The soft-spoken 23-year-old had pursued military service with enthusiasm. She graduated from the Air Force Academy in 2023 and received her commission the same year, hoping that the military would provide a meaningful way to give back to a country that became her home when she was adopted from China as an infant.

“I wanted to protect people. I wanted to serve,” said Metzler, who met her husband, now an officer in the Space Force, at the academy.  “And I don’t think it’s a far cry to say that I’m the kind of person who doesn’t mind putting my body on the line for things I believe in. So the military really just kind of made sense.”

Then, a crisis of conscience changed everything.

An Emotionally Grueling Decision

Shaken by the United States’ support for Israel’s protracted bombing campaign on Gaza, Metzler took the dramatic step of applying for conscientious objector status, a way out of the military reserved for those who can prove that their beliefs no longer align with service. For her, an eight-month application process involving probing interviews and pages of essays resulted in her successful discharge as a conscientious objector in April.

But the emotionally grueling decision can come with a steep cost, from alienating military comrades and even family members to paying back tens of thousands of dollars for tuition and other military benefits.

Historically, the number of service members applying for conscientious objector status in the last quarter century from an all-volunteer force has been relatively low, with the Army seeing a dozen or fewer applications per year since 2019 and fewer than 75 in any year since 2001. By contrast, during the Vietnam War—the last U.S. conflict to employ a conscripted force—some 170,000 men across multiple services were granted conscientious objector deferments, and about 61,000 in 1971 alone.

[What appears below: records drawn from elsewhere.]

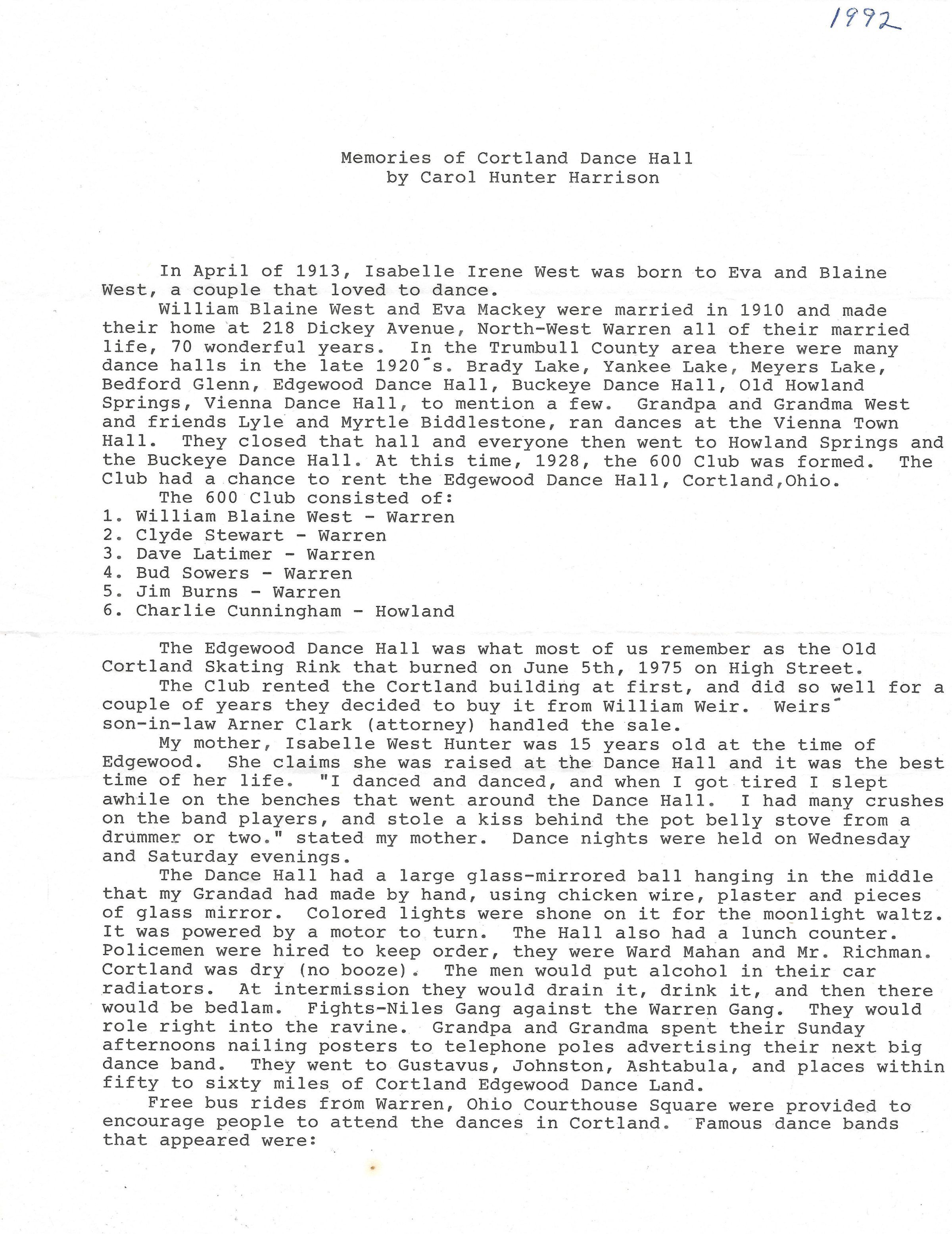 Harrison, Carol, West, Isabelle Irene, West, Eva, West, Blaine, Mackey, Eva, Stewart, Clyde, Latimer, Dave, Sowers, Bud, Burnes, Jim, Cunningham, Charlie, Edgewood Dance Hall, Weir, William, Clark, Arner, Mahan, Ward, Richman, Whitman, Paul, Shaw, Artie, Lambardo, Guy, Perkins, Doc, Gill, Emerson, O'Brian, Pat, Kipple, Fred, Manning, Tom, Spevak, Charlie
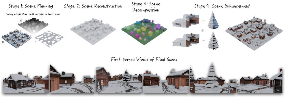 WorldGen 能够直接根据文本提示自动创建大规模互动 3D 世界。该模型将自然语言描述转化为可移动、全纹理化的环境,可以在标准游戏引擎中立即探索或编辑。通过结合大语言模型驱动的场景布局推理、程序生成、基于扩散的 3D 生成和物体感知场景分解,WorldGen 弥合了创意意图与功能性虚拟空间之间的鸿沟——使创作者无需手动建模或专业 3D 专业知识即可设计出连贯且可导航的世界。
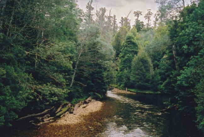 Above picture: Tasmania, Styx river in Styx valley. In the valley of the Styx grow the Eucalyptus regnans, the tallest of all flowering plants. There are also ancient tree ferns and 1,000 year old myrtles. The Eucalyptus regnans can be seen rising high above the other trees at the rear of the photo. The Eucalypts are useful for wood pulp and (in 2001) the forest was being systematically clearfelled. Photo by and courtesy of T Taylor.
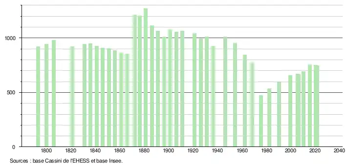 L'évolution du nombre d'habitants est connue à travers les recensements de la population effectués dans la commune depuis 1793. Pour les communes de moins de 10 000 habitants, une enquête de recensement portant sur toute la population est réalisée tous les cinq ans, les populations légales des années intermédiaires étant quant à elles estimées par interpolation ou extrapolation[29]. Pour la commune, le premier recensement exhaustif entrant dans le cadre du nouveau dispositif a été réalisé en 2005[30].
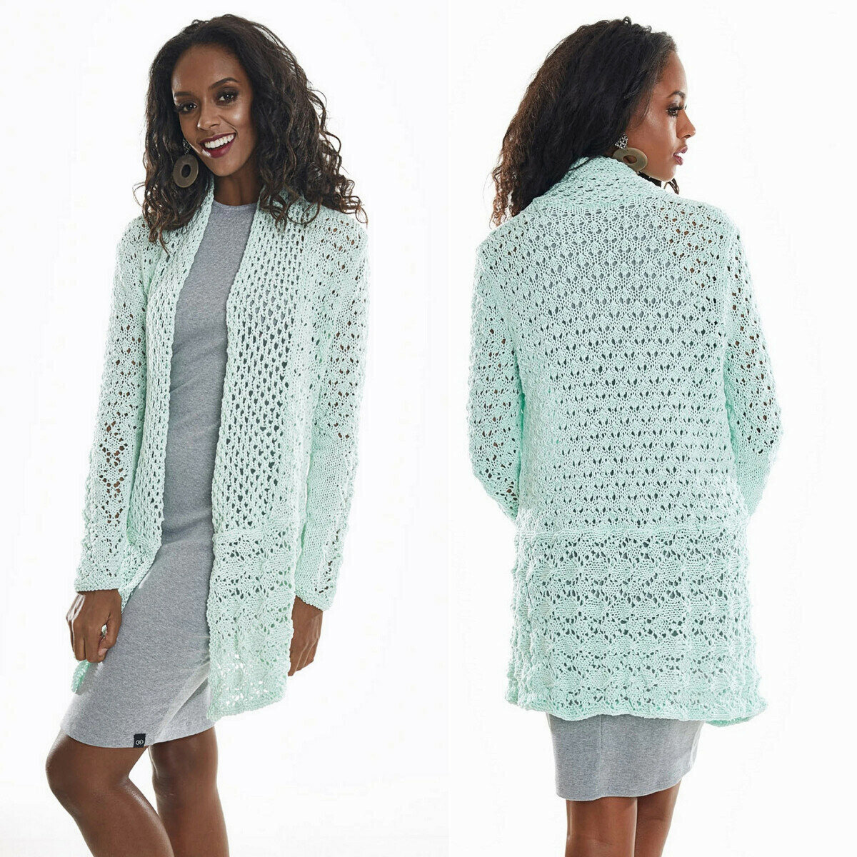 Если вы хотите визуально добавить пространства и света в интерьере, покрасьте стены в мятный и вы удивитесь чудесному преображению! Впрочем, сегодня речь пойдёт не об интерьере, а о вязаных вещах — здесь мята влияет не менее волшебно! Мятные оттенки (они же ментоловые) идут всем, а уж как они освежают цвет лица — это просто сказка. Убедитесь сами!
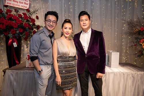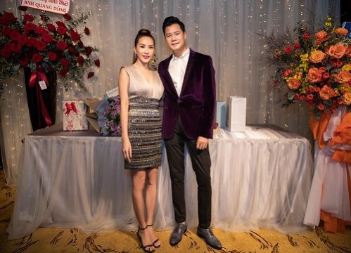 Ngay tại bàn tiệc, bên cạnh việc chung vui với ca sĩ Quang Dũng, hoa hậu Thu Hoài còn thoải mái chụp hình “tự sướng” với bạn trai doanh nhân. Do không hoạt động trong làng giải trí, trước đây người yêu Thu Hoài còn đôi chút e ngại khi tiếp xúc với các nghệ sĩ. Nhưng thời gian gần đây, anh thoải mái hơn khi đi sự kiện cùng người yêu, thậm chí còn hỗ trợ Thu Hoài thực hiện các chương trình tri ân khách hàng, có nghệ sĩ tham gia biểu diễn.
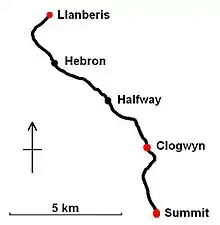 | Halfway | 53°05′44″N 4°05′46″W / 53.0956°N 4.0960°W | 1,641 ft (500 m) | As the name suggests, halfway along the line and close to the 'Halfway House' on the nearby footpath. A short distance above the station is a path that leads down to the Halfway House cafe. |
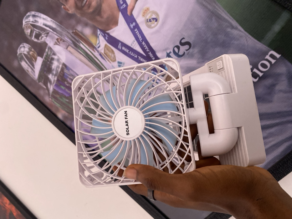 A dark-skinned right hand, wearing a dark ring on the ring finger, holds a white portable "SOLAR FAN" with light blue blades and a foldable base
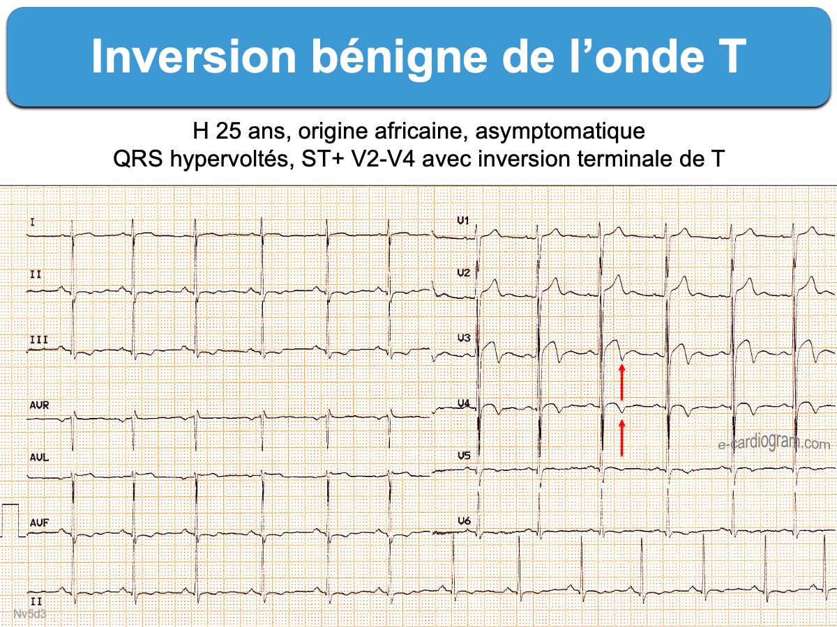 Variante de repolarisation ventriculaire avec inversion terminale de l’onde T qui se rencontre aux USA chez environ 4% des hommes (parfois des femmes) d’origine africaine, plutôt jeunes (« benign T-wave inversion » ou « black repolarization ») en bonne santé [1][2][3]. Elle est exceptionnelle chez les sujets caucasiens (0,5 %) [4].
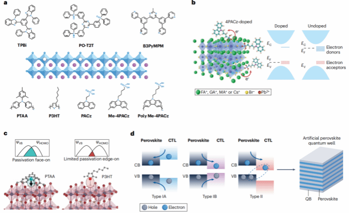 除了钝化缺陷和促进空穴注入,在钙钛矿薄膜中加入4PACz可以有效地将钙钛矿费米能级从导带附近转移到价带附近,实现可调的n型和p型行为,而不影响钙钛矿的光学性质。钙钛矿表面也可能影响有机HTLs的分子堆积构型。由于更接近钙钛矿表面,“正面”分子取向促进更有效的电荷转移,而“侧面”结构可能导致与钙钛矿的相互作用减弱,降低电荷传输能力。以上结果表明,本身作为电荷传输层(CTL)或界面层使用的路易斯碱分子具有多重功能,超越了传统电荷注入/提取的范畴。
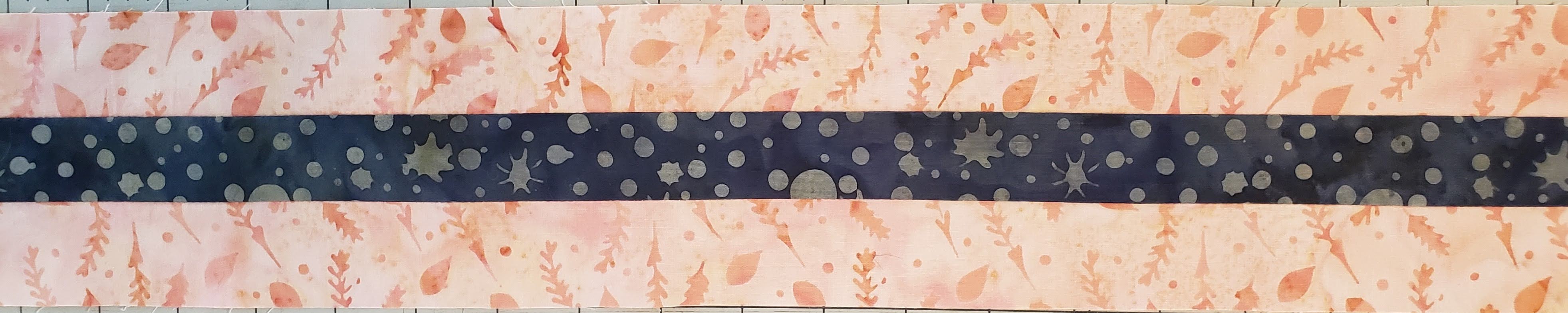 Using the three 1 1/2″ x WOF strips, lay them alternating between the two colors.
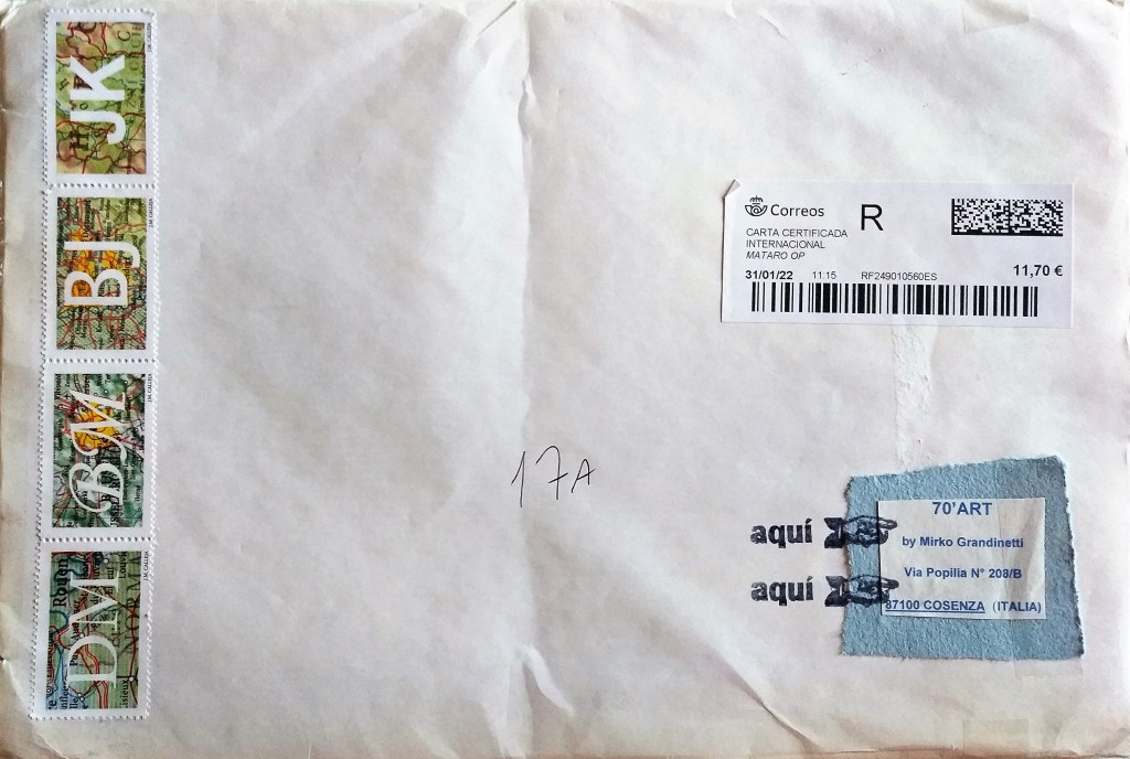 Oggi è arrivata l’opera di J. M. Calleja per 70’ART. J. M. Calleja era già presente nell’ A.I.M.A. (Archivio Internazionale Mail Art) e nel M.I.M.A. (Museo Internazionale Mail Art).
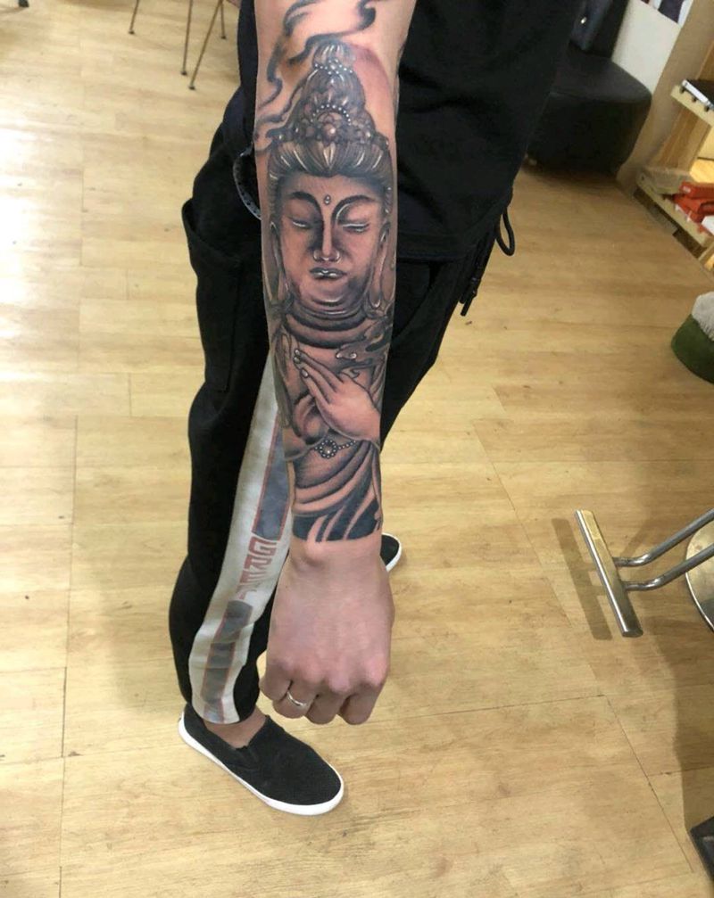 菩萨包小臂纹身图片_手臂传统人物成品纹身图案
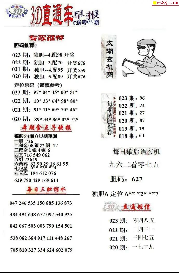 福彩3D2026023期直通车早报ABCD版
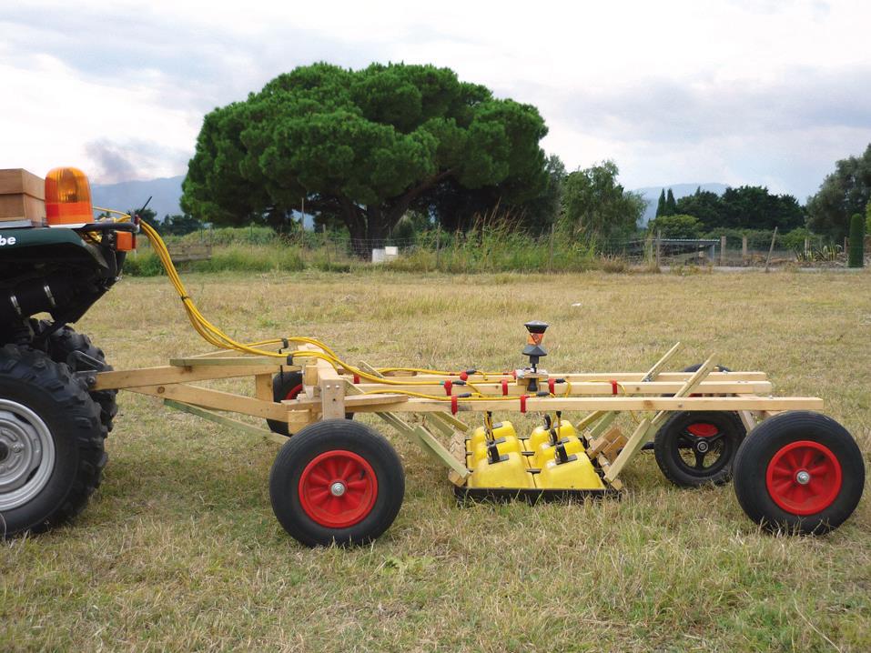 Рис. 1. Расположение трех пар одиночных антенн (закрепленных на раме, буксируемой квадроциклом), использованное при исследовании территории древнеримского города Мариана. Расстояние между средними точками антенн составляет 0,25 м. Призма электронного тахеометра установлена над центром средней антенны как можно ниже, чтобы минимизировать ошибки из-за неровностей рельефа. Датчик пройденного пути запускает георадарное сканирование через каждые 0,05 м [1]
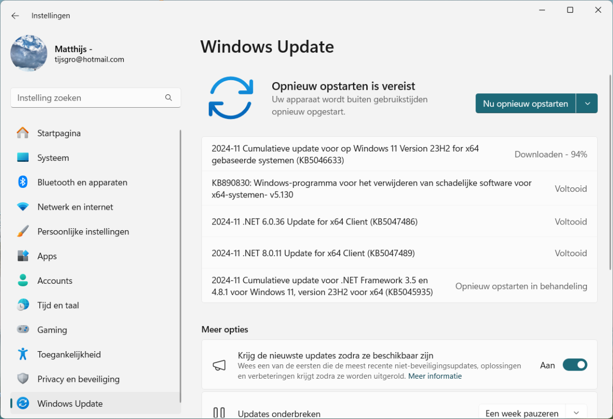 .NET framework 3.5 en 4.8.1 en versies 6 en 8 van .NET (mocht je die op je pc hebben staan) krijgen ook updates. Onder andere KB5045935 (Windows 11 23H2) is verschenen.
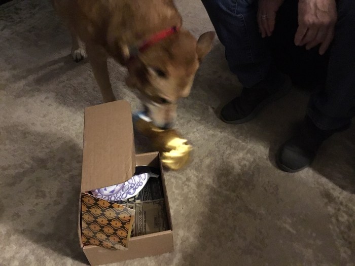 2. Puppy Cody loves boxes, too. We often put a treat inside an empty cereal box and let her tear it apart. Most fun ever! Ellie B deserves her gift – I’m sure she wears herself guarding you and Karen every day. [Virtual] hugs to all of you.
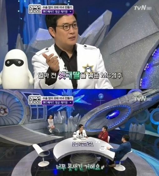 김성주는 “얼마 전에 셋째 딸을 낳았다. 솔직히 말해서 내 딸인데도 너무 못생겼다. 집사람은 되게 예쁘다더라. 태어난지 100일 됐다”고 걱정했다.
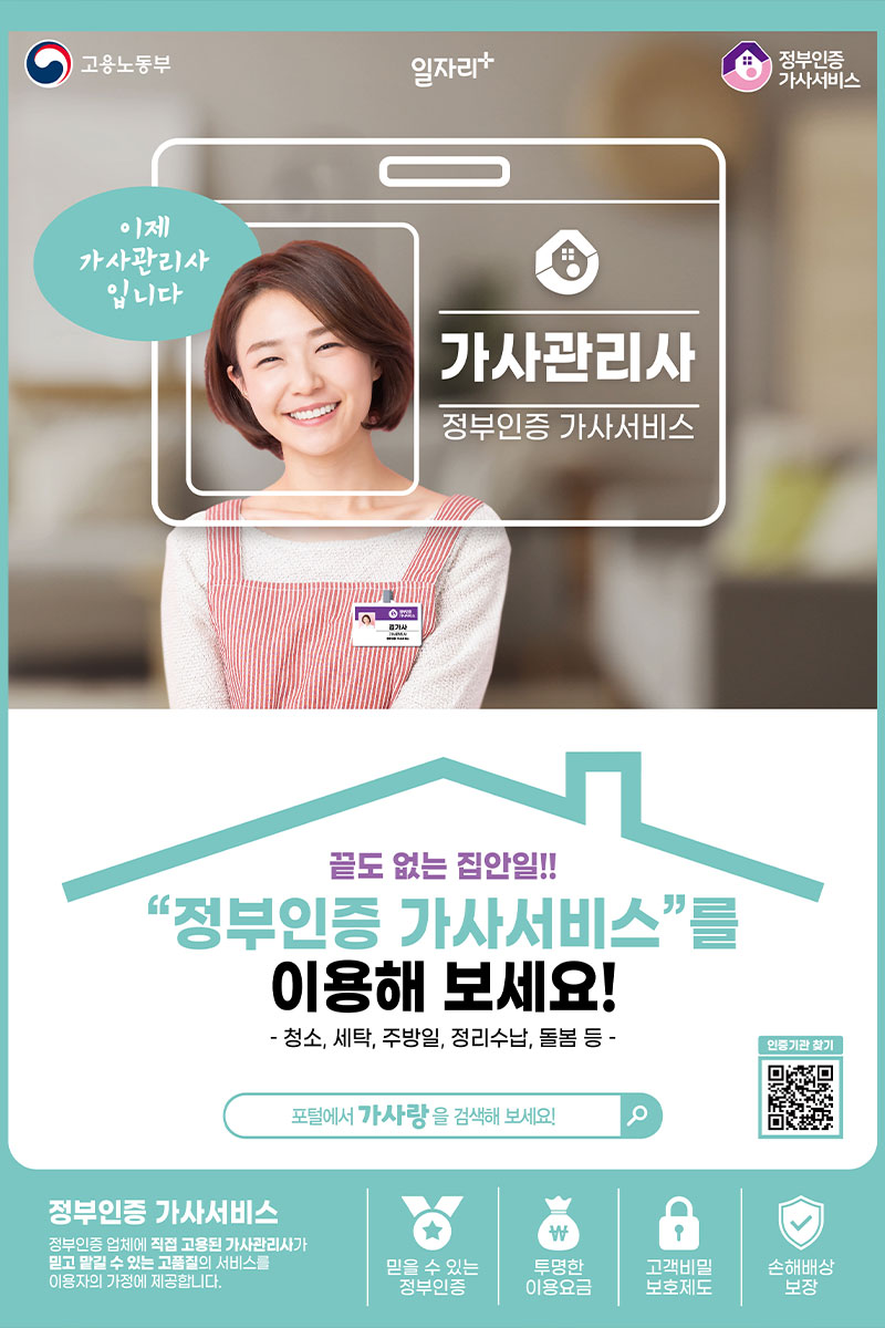 노하우와 정부 가사서비스 제공 기관 인증 취득으로 프리미엄 서비스를 제공 합니다.
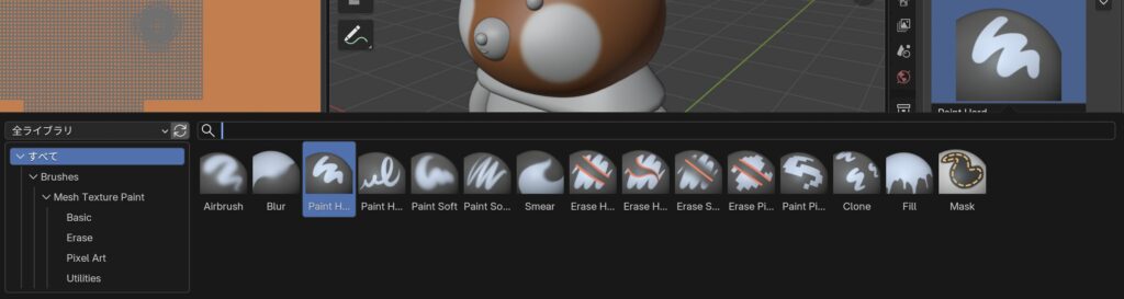 よく見たらブラシアセットって画面の下にあんじゃん。
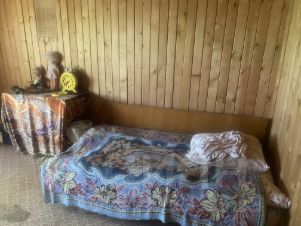 - втopoй дoм щитовой, внутри кухня + хозблок + помещение оборудованное под туалет (без септика) + в доме есть печка. Так же есть газовая плита, работающая от 2ух газовых баллонов по 50л, так же есть микроволновая печь и холодильник.
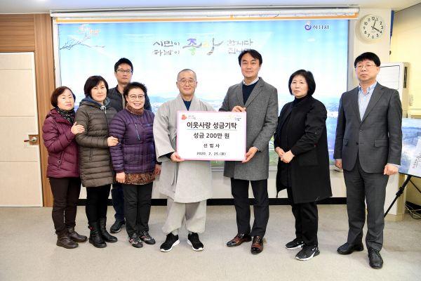 하남시 교산동에 소재한 선법사는 지난 25일 하남시에‘하남 사랑愛나눔’성금 200만원을 전달하고 기탁식을 가졌다.

Volunteers who field calls from troops in moral quandaries say they recently experienced a surge that appears to be driven by another conflict: President Donald Trump’s contested order last month that sent 4,000 National Guard troops and 700 Marines to Los Angeles to quell protests related to immigration enforcement operations.

California Army National Guard arrive at the Wilshire Federal Building in Los Angeles
Soldiers with Alpha Company, 1st Battalion, 184th Infantry Regiment, California Army National Guard arrive at the Wilshire Federal Building in Los Angeles on June 22, 2025. (Christy L. Sherman/U.S. Army)

Steve Woolford first noticed a change at the GI Rights Hotline the week of June 8. That was when Trump doubled the presence of National Guard troops in Los Angeles and ordered a contingent of Marines—an infantry battalion from Marine Corps Air-Ground Combat Center 29 Palms, California—into the city.

While the hotline typically receives between 200 and 250 calls a month, about 50 calls came through that Sunday alone, with additional messages left by callers who couldn’t get through, Woolford said.

Most, he said, also didn’t fit the conventional definition of a conscientious objector, opposed to wars and warfighting.

“What a number of them spoke to was, 'I do not want to be part of pointing a gun at U.S. citizens and maybe shooting it, like, I’m here to protect U.S. citizens, even if they have different beliefs,’” Woolford told the War Horse. “So there were people who were having, I guess, a different version of ethical dilemma. ... They just didn’t believe this is all what they signed up for or agreed to.”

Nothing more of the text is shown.